What Peter and Paul Teach Us About Humility
I’ll admit that I feel insecure when I make a mistake and others witness it. If someone gives me a critique or if I embarrass myself in front of others, I find it mortifying. I’ll also admit that I am insecure enough to feel nervous when I realize that I am lacking in some way. […]
I’ll admit that I feel insecure when I make a mistake and others witness it. If someone gives me a critique or if I embarrass myself in front of others, I find it mortifying.
I’ll also admit that I am insecure enough to feel nervous when I realize that I am lacking in some way. I am all too aware of my weaknesses, and of the ways that I seem to not be as competent as others.
Because of this, I have found myself pondering the extraordinary humility of two of the Church’s oldest saints – Sts. Peter and Paul.
St. Peter and Making Mistakes
Although it is not one of his official titles, I always think of St. Peter informally as the “patron saint of people who put their foot in their mouths.” (I recently encountered an entertaining reel on Instagram from a Christian comedian to this effect.) Poor Peter always seemed to be doing or saying the wrong thing. When he knelt with James and John on Mount Tabor, in a moment of wonder and awe, he suggested building tents. He sunk in the water instead of walking on it, for lack of faith. He wouldn’t let Jesus wash his feet. And, in his most epic moment of failure, he denied Christ.
Most of us would despair at that point. Even if Jesus were to offer to make us the “rock on which I will build my Church,” we would insist that we were unworthy and couldn’t accept. Peter, instead, chooses to trust.
When visiting St. Peter’s Basilica a few years ago, standing at the top of the steps leading down to his tomb (which is below the main altar of the basilica) I was suddenly struck by his realness. St. Peter was not a made-up character. He was a real man. He was a humble fisherman, a man of no account until Christ choose him. Something about standing before his earthly remains, walking the city that he passed through on the way to his death, made his existence more real than ever before.

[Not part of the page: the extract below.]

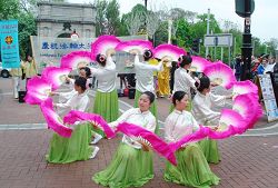 法轮功学员手持“法轮大法洪传世界十六载”、“法轮大法好”等横幅,传达了他们的心意,同时,学员们还向人们演示了法轮功功法;并表演了中国传统舞蹈“扇子舞”和“莲花舞”以赞颂法轮大法的美好。现场气氛充满祥和,观众发出阵阵掌声。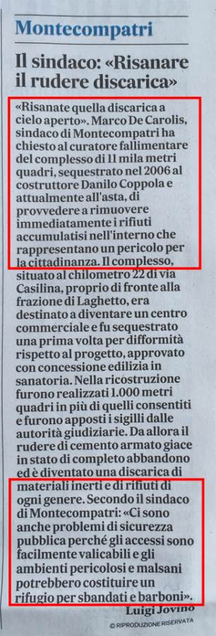 Il primo cittadino, sulle colonne de “Il Messaggero”, chiede al curatore fallimentare di provvedere – esordisce così nella nota il segretario, Fausto Bassani, e il Pd di Monte Compatri – alla bonifica dell’immobile. Il 26 Agosto scorso il Pd di Monte Compatri aveva denunciato una discarica abusiva sorta nello scheletro di cemento che si apre sulla Via Casilina provenendo da Colonna. “Chiediamo immediatamente al sindaco e all’Amministrazione comunale – avevamo scritto nel comunicato sopra menzionato – di scrivere un’ordinanza attraverso la quale si bonifichi l’area ed obblighi i proprietari dello scheletro in cemento armato la messa in sicurezza del manufatto”. Il sindaco De Carolis e l’amministrazione comunale avevano risposto con la solita manfrina della polemica politica dichiarando che “quella struttura non può essere evidentemente soggetta ad interventi di bonifica fino alla sentenza definitiva dei giudici”. La replica del Pd fu secca e immediata e recitava così: “Lei (il Sindaco n.d.g.) deve intervenire ugualmente ordinando al custode giudiziario la bonifica dell’area. Prenda forza dalle sue responsabilità. Credevamo che queste prassi le conoscesse, visto che si vanta di essere avvocato. Il Pd di Monte Compatri ha fatto il proprio dovere denunciando a lei una situazione di illegalità che mette a rischio la salute pubblica. Monitoreremo quotidianamente la situazione e se non vedremo interventi di bonifica immediati saremo costretti a rivolgerci direttamente alla Procura della Repubblica”. Sulle colonne della cronaca locale de Il Messaggero di oggi, un articolo riporta la dichiarazione del sindaco De Carolis che “chiede al curatore fallimentare del complesso di 11mila metri, sequestrato nel 2006 al costruttore Danilo Coppola e attualmente all’asta, di provvedere a rimuovere immediatamente i rifiuti accumulatisi nell’interno che rappresentano un pericolo per la cittadinanza”.

If Peter – bumbling, fumbling, alternating between overzealous and awkward – could trust Jesus and ultimately make it to heaven, perhaps there was hope for me, too.
St. Paul and the Thorn
The summer after my first year of college, I first was struck by the passage from St. Paul’s 2nd Letter to the Corinthians, in which he talks about the “thorn in his side.” While scripture scholars and theologians have conjectured what the exact nature of this thorn was (a certain temptation? Illness?) the point remains – Paul was imperfect and very much aware of it. He was so much aware of it, in fact, that he tells the Corinthians that he begged God to remove this thorn from his life. Rather than do so, God told him, “My grace is sufficient for you, for power is made perfect in weakness.”

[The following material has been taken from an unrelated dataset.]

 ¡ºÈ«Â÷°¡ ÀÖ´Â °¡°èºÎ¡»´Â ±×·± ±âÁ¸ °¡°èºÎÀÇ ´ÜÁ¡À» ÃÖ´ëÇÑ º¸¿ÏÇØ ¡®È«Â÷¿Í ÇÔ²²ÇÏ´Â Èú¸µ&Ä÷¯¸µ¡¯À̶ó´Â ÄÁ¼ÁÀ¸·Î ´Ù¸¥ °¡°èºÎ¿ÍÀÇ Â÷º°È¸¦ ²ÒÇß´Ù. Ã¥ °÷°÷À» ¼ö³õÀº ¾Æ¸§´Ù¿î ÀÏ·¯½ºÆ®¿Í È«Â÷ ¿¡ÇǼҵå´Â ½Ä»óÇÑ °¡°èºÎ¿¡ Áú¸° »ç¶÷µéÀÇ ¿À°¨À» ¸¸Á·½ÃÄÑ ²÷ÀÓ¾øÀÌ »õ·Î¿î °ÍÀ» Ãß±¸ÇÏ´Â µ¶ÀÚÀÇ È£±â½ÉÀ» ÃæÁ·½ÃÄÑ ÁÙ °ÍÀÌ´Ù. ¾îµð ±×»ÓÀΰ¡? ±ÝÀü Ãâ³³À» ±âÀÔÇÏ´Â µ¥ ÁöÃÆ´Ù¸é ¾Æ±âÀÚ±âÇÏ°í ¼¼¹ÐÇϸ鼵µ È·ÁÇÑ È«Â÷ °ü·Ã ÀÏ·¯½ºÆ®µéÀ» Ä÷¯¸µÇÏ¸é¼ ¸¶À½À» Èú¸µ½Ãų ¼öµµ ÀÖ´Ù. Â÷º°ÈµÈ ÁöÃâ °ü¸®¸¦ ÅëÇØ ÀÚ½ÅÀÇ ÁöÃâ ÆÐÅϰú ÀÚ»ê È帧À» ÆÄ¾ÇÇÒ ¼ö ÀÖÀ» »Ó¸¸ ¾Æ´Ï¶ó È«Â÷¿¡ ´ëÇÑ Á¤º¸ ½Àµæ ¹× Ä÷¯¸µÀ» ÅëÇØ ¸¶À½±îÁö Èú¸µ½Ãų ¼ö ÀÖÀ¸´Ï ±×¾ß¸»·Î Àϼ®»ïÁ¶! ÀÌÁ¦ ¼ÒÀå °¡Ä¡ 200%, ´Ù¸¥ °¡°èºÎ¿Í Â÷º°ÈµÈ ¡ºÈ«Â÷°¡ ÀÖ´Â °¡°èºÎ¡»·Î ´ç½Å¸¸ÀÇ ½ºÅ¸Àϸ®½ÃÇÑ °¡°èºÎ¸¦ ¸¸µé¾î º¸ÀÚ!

At the time when I read that passage, I was struggling mightily with severe anxiety and some depression. I had recently had a long-term boyfriend break up with me. I was working at an overnight summer camp for adults with developmental disabilities, and I was more tired and sleep-deprived than I had ever been in my life. I felt like the weakest person of all.
In reading these words of Paul’s, I began to understand – my success didn’t lie in my own strength. It lay in Christ’s. All I had to surrender to God was my weakness, and him working through that weakness would be a more powerful witness to his greatness than anything else.

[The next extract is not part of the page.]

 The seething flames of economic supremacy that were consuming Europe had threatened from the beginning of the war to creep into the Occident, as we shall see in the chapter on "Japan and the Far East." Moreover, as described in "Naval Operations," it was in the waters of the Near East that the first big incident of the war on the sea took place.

Aside from that specific thorn referenced, St. Paul had plenty of reasons to feel ashamed and embarrassed. He was an adamant persecutor of Christians, before becoming one himself. Like Peter, it would have been easy (and understandable) if, when faced with the call of Christ, he hung his head and declared himself incapable and unworthy. But like Peter – like all of those who are humble – Paul raised up his eyes and his heart to Christ. Relying fully on God’s mercy, accepting his weaknesses, and surrendering his past sins to Jesus, he advanced forward with his eyes only on Christ.
On the same trip when I visited St. Peter’s, I also had the opportunity to pray at the tomb of St. Paul. Like Peter, Paul became more real to me than he had been before – a real man who wrestled with his weaknesses and offered them up to God.
Humility for the Rest of Us
We may not be called to the kind of visible witness that Sts. Peter and Paul were, but we are called to their radical humility. We are called to recognize both our strengths and our weakness, and to shy away from neither, rather offering all up to Christ. The gift that we are given in the saints is that we need not walk our earthly pilgrimage alone. In moments that invite us to deeper humility – when we make a mistake, when we fail to act in a just or moral way, when we feel too weak and unqualified for the task at hand – we can turn to Sts. Peter and Paul, knowing that in them we will find a sympathetic ear.